═════ DATA FOR ANALYSIS

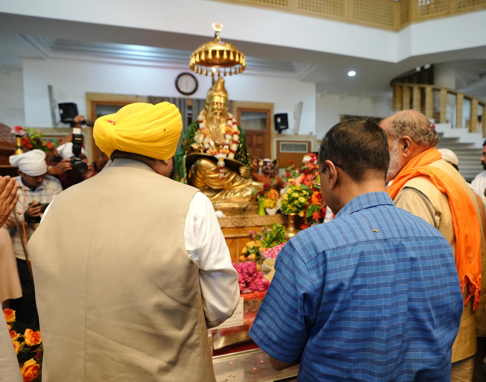 ਆਮ ਆਦਮੀ ਪਾਰਟੀ (ਆਪ) ਦੇ ਕੌਮੀ ਕਨਵੀਨਰ ਅਤੇ ਦਿੱਲੀ ਦੇ ਮੁੱਖ ਮੰਤਰੀ ਅਰਵਿੰਦ ਕੇਜਰੀਵਾਲ ਨੇ ਪੰਜਾਬ ਦੇ ਮੁੱਖ ਮੰਤਰੀ ਭਗਵੰਤ ਮਾਨ ਨਾਲ ਸ਼ੁੱਕਰਵਾਰ ਸਵੇਰੇ ਅੰਮ੍ਰਿਤਸਰ ਦੇ ਭਗਵਾਨ ਸ੍ਰੀ ਵਾਲਮੀਕਿ ਤੀਰਥ ਅਸਥਾਨ ਵਿਖੇ ਮੱਥਾ ਟੇਕਿਆ ਅਤੇ ਪੰਜਾਬ ਦੀ ਖ਼ੁਸ਼ਹਾਲੀ ਲਈ ਅਰਦਾਸ ਕੀਤੀ।
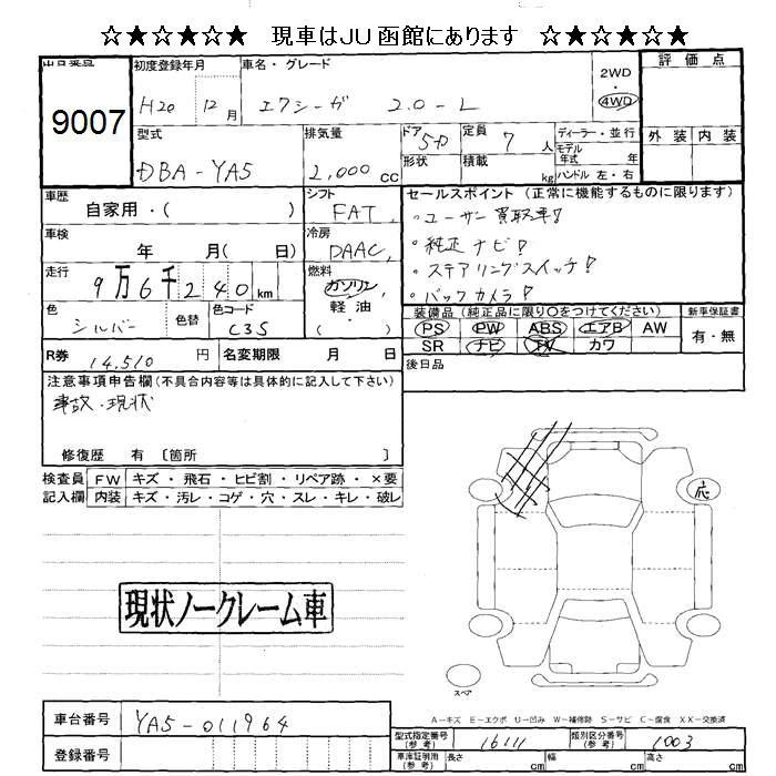| 2.0I | DBA-YA5 | EJ20 | Full-time 4WD | 4AT | 1994cc | 148ps(109kW)/6000rpm | AИ-92 | 2 152 500 | |
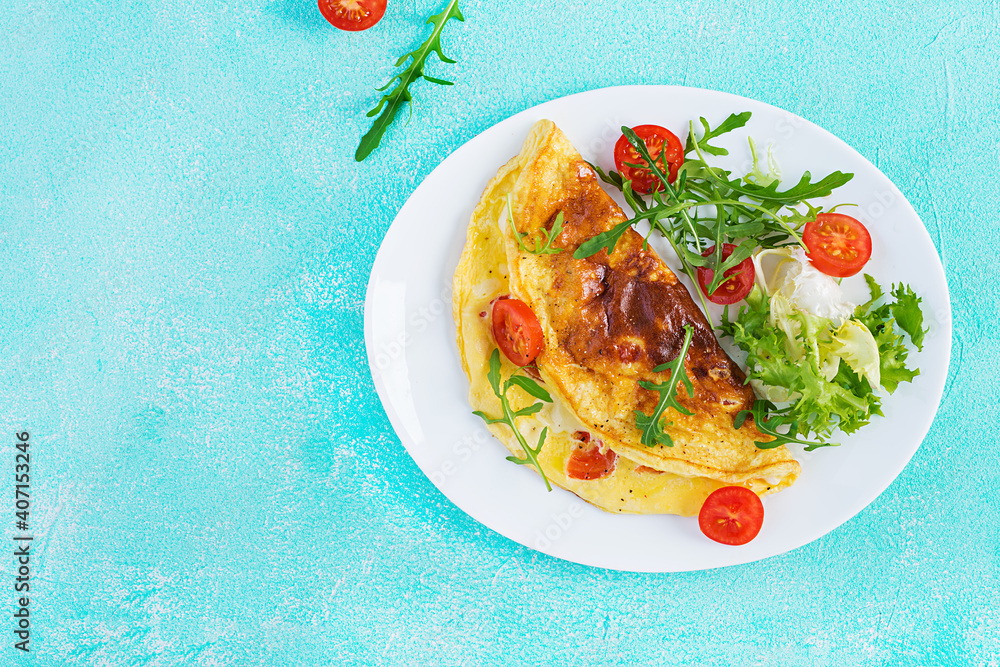 Breakfast. Omelette with tomatoes, cheese and arugula on white plate. Frittata - italian omelet. Ketogenic, keto food. Top view, flat lay
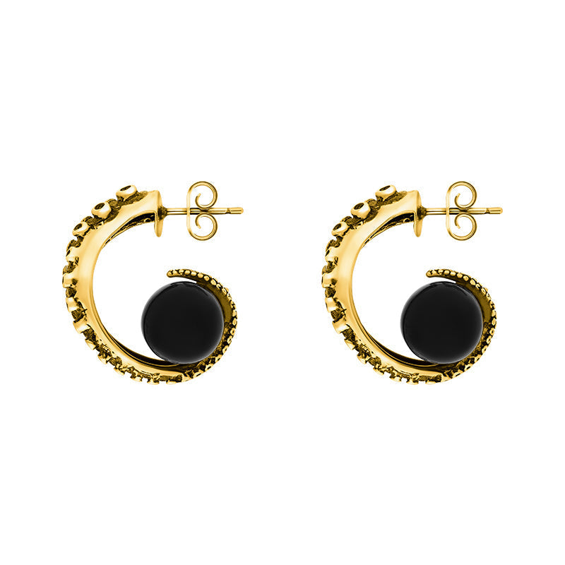 Discover our beautifully crafted Sea Life collection and add to it with these 18ct yellow gold and Whitby Jet tentacle hoop earrings. Our items make the perfect gift and become treasured memories for years to come. These hoop earrings resemble a three-dimensional swirling tentacle, featuring 18ct yellow gold sucker detail holding a Whitby Jet bead. This item comes complete with 18ct yellow gold post and butterfly fastenings.
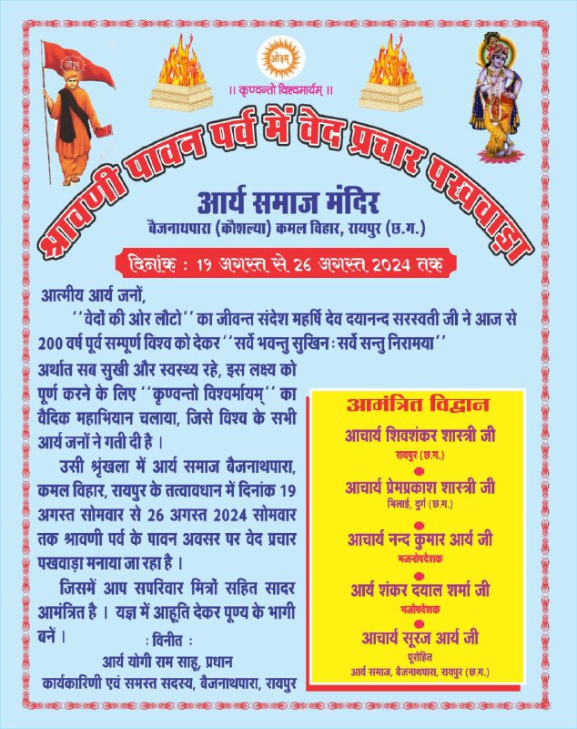 उसी श्रृंखला में आर्य समाज बैजनाथपारा, कमल विहार, रायपुर के तत्वावधान में दिनांक 19 ॐ अगस्त सोमवार से 26 अगस्त 2024 सोमवार तक श्रावणी पर्व के पावन अवसर पर वेद प्रचार पखवाड़ा मनाया जा रहा है। जिसमें आप सपरिवार मित्रों सहित सादर आमंत्रित है। यज्ञ में आहूति देकर पूण्य के भागी बनें ।

══════════

WORK TO COMPLETE.
The material above is to be output exactly, with each picture left out.

ANSWER TO THIS TASK.
 ਆਮ ਆਦਮੀ ਪਾਰਟੀ (ਆਪ) ਦੇ ਕੌਮੀ ਕਨਵੀਨਰ ਅਤੇ ਦਿੱਲੀ ਦੇ ਮੁੱਖ ਮੰਤਰੀ ਅਰਵਿੰਦ ਕੇਜਰੀਵਾਲ ਨੇ ਪੰਜਾਬ ਦੇ ਮੁੱਖ ਮੰਤਰੀ ਭਗਵੰਤ ਮਾਨ ਨਾਲ ਸ਼ੁੱਕਰਵਾਰ ਸਵੇਰੇ ਅੰਮ੍ਰਿਤਸਰ ਦੇ ਭਗਵਾਨ ਸ੍ਰੀ ਵਾਲਮੀਕਿ ਤੀਰਥ ਅਸਥਾਨ ਵਿਖੇ ਮੱਥਾ ਟੇਕਿਆ ਅਤੇ ਪੰਜਾਬ ਦੀ ਖ਼ੁਸ਼ਹਾਲੀ ਲਈ ਅਰਦਾਸ ਕੀਤੀ।
| 2.0I | DBA-YA5 | EJ20 | Full-time 4WD | 4AT | 1994cc | 148ps(109kW)/6000rpm | AИ-92 | 2 152 500 | |
 Breakfast. Omelette with tomatoes, cheese and arugula on white plate. Frittata - italian omelet. Ketogenic, keto food. Top view, flat lay
 Discover our beautifully crafted Sea Life collection and add to it with these 18ct yellow gold and Whitby Jet tentacle hoop earrings. Our items make the perfect gift and become treasured memories for years to come. These hoop earrings resemble a three-dimensional swirling tentacle, featuring 18ct yellow gold sucker detail holding a Whitby Jet bead. This item comes complete with 18ct yellow gold post and butterfly fastenings.
 उसी श्रृंखला में आर्य समाज बैजनाथपारा, कमल विहार, रायपुर के तत्वावधान में दिनांक 19 ॐ अगस्त सोमवार से 26 अगस्त 2024 सोमवार तक श्रावणी पर्व के पावन अवसर पर वेद प्रचार पखवाड़ा मनाया जा रहा है। जिसमें आप सपरिवार मित्रों सहित सादर आमंत्रित है। यज्ञ में आहूति देकर पूण्य के भागी बनें ।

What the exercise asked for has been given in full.